France farmer protests: PM offers key concessions after roads around Paris blocked
France's new prime minister has announced key concessions to protesting farmers in a move the government hopes will end the growing demonstrations.
Among promises Gabriel Attal made on Friday were an end to rising fuel costs and the simplification of regulations.
It came hours after farmers took their protest about pay and low food prices to Paris - blocking major roads into and out of the capital.
"You wanted to send a message, and I've received it loud and clear," he said.
"We will put agriculture above everything else," he promised during a visit to a cattle farm in a mountain village near the Spanish border.
Mr Attal tried to address the farmer's grievances, which include the increasing cost of farm diesel, late payment of European Union (EU) subsidies, burgeoning bureaucracy and competition from imports.
He announced "10 immediate measures" to help, including the scrapping of the plan that would increase the cost of fuel.
Mr Attal said that an appeal would be made to the EU, asking for changes to the rules that mean farmers are required to keep some of their land fallow.
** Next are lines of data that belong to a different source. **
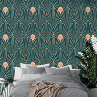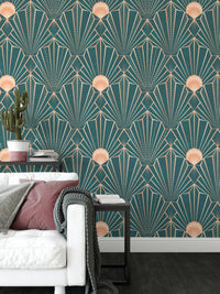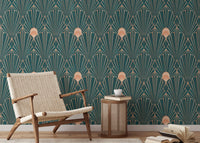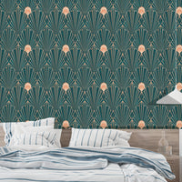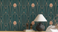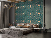 Infuse your space with a touch of modern luxury using this captivating geometric wallpaper. The rich teal backdrop provides a grounding contrast to the shimmering rose gold lines, forming a mesmerizing interplay of shapes and light. The intricate Art Deco-inspired pattern creates a sense of movement and depth, adding a sophisticated touch to any room. This wallpaper seamlessly blends vintage aesthetics with contemporary design principles, perfect for those seeking a unique and visually stunning addition to their home decor. The repeating pattern makes this piece perfect for covering large areas without sacrificing impact.
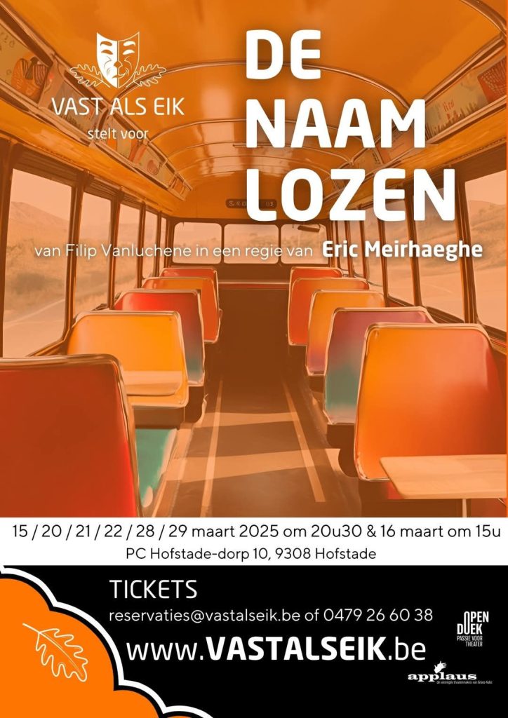 2 maart 2025De Naamlozen Donderdag 20 maart om 20u30 Vrijdag 21 en 28 maart om 20u30 Zaterdag 15, 22 en 29 maart…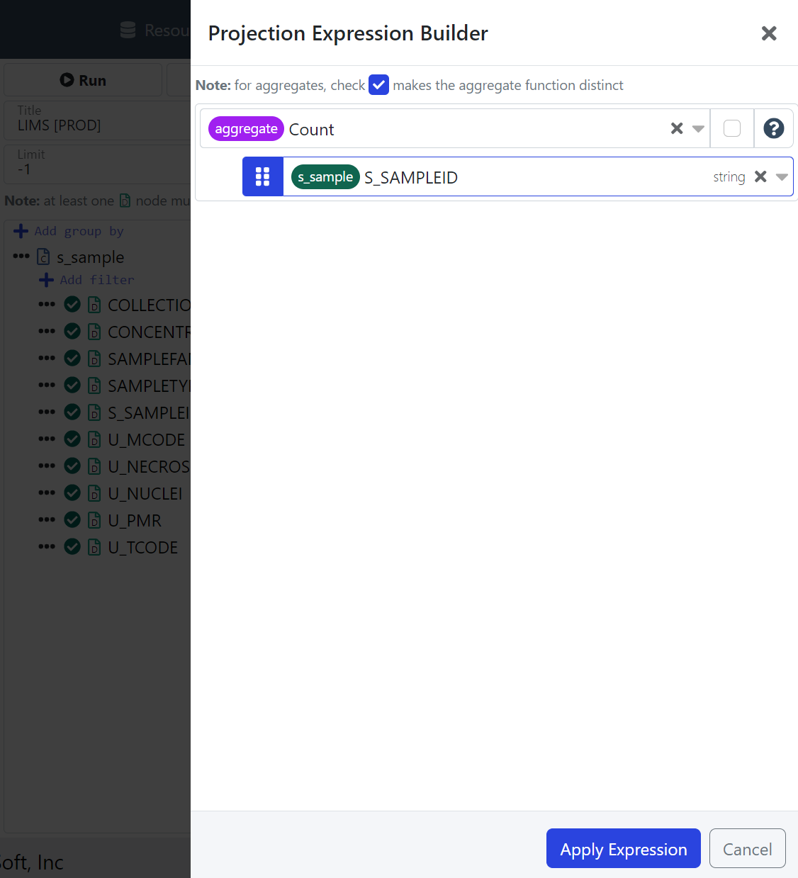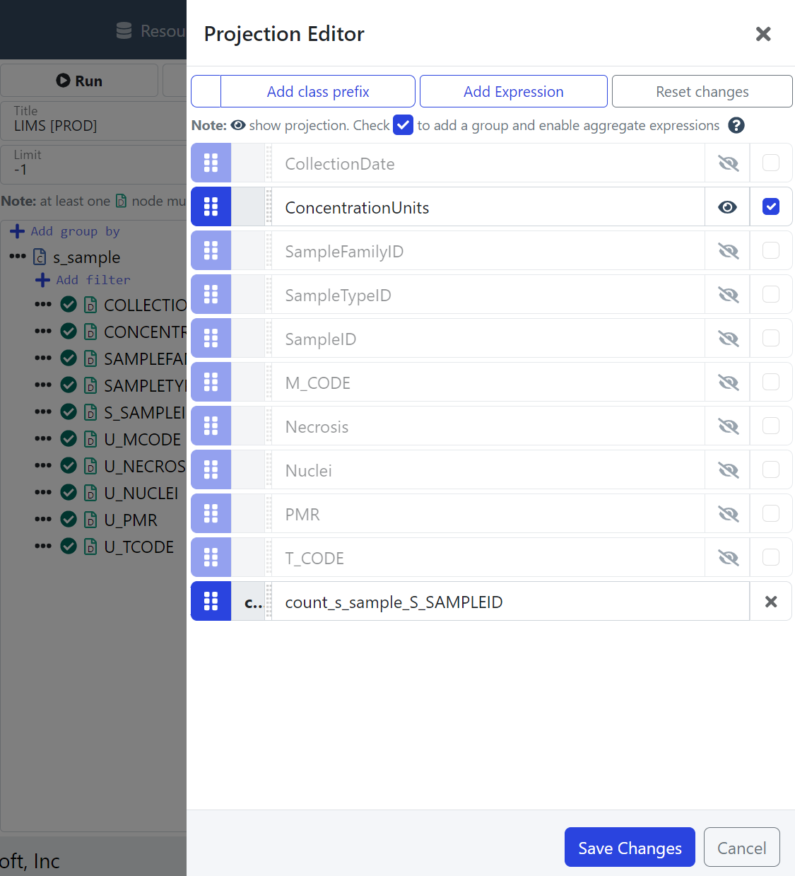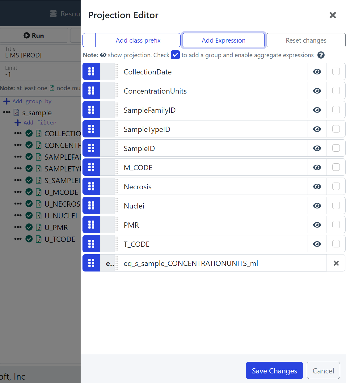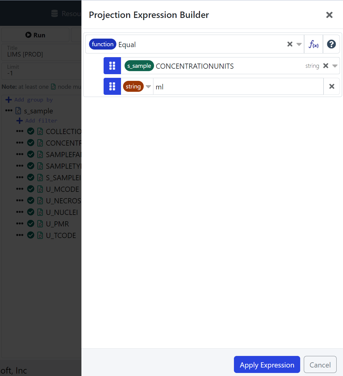 LIMS s_sample Query: Add a Projection Expression equal(CONCENTRATIONUNITS, "ml") | LIMS s_sample Query: Projection Expression equal(CONCENTRATIONUNITS, "ml") |

He added that France would remain opposed to signing an EU free-trade deal that farmers say will flood supermarkets with cheap produce.
His concessions have not gone down well with some.
"We are not satisfied with what was announced this evening," Alexandre Plateau, a representative of the National Federation of Farmers' Unions (FNSEA), the main farmers' union, told the Franceinfo radio network.
"A few requests have been met, but it is not enough."
Laurence Marandola, a spokesman for the Peasant Confederation union body, told the RTL radio network that Mr Attal's concessions were "very largely insufficient".
"We will continue to remain mobilised. It's not necessarily roadblocks, there will be different forms of mobilization, on the road, on roundabouts, in front of supermarkets," she said.
Earlier on Friday, the A1 motorway linking Paris the northern city of Lille and Belgium was blocked by tractors and hay bales.
According to the FNSEA, some 55,000 people were mobilised nationwide.
Among the protesters was Christophe Beeuwsaert, a cereal and milk farmer in the Oise region north of Paris. He told the AFP news agency that the plan was to build a ring around the city and to keep moving closer in - increasing the pressure.
"When we hear our governments saying that they understand us, that they know what we're going through, it's just a load of rubbish," he said.
They (the politicians) sit in their leather seats, in their heated or air-conditioned offices... don't see the impact of all the decisions they make on us."
Protests are also continuing in the south of France, with the main road between the Lyon region and the Spanish border also blocked.
"We've already been demonstrating for a week and we still have no answers. We don't want any more words, we want acts," Sebastien, a young farmer, told AFP news agency at a blockade outside Toulouse's Blagnac airport.
The farmers' protests are the first major test for Mr Attal, who has only been in power since the start of the month.
They began in the south west of France last week, with several key motorways there cut off entirely by farmers who have installed sleeping quarters in the middle of the highways.
On Tuesday, a farmer in her 30s and her 12-year-old daughter were killed after a car accidentally crashed into a roadblock just south of Toulouse. Agriculture Minister Marc Fesneau said at the time it was a "tragedy for all of us".
France's protests come at the same time as similar demonstrations by other European countries including Germany and Belgium.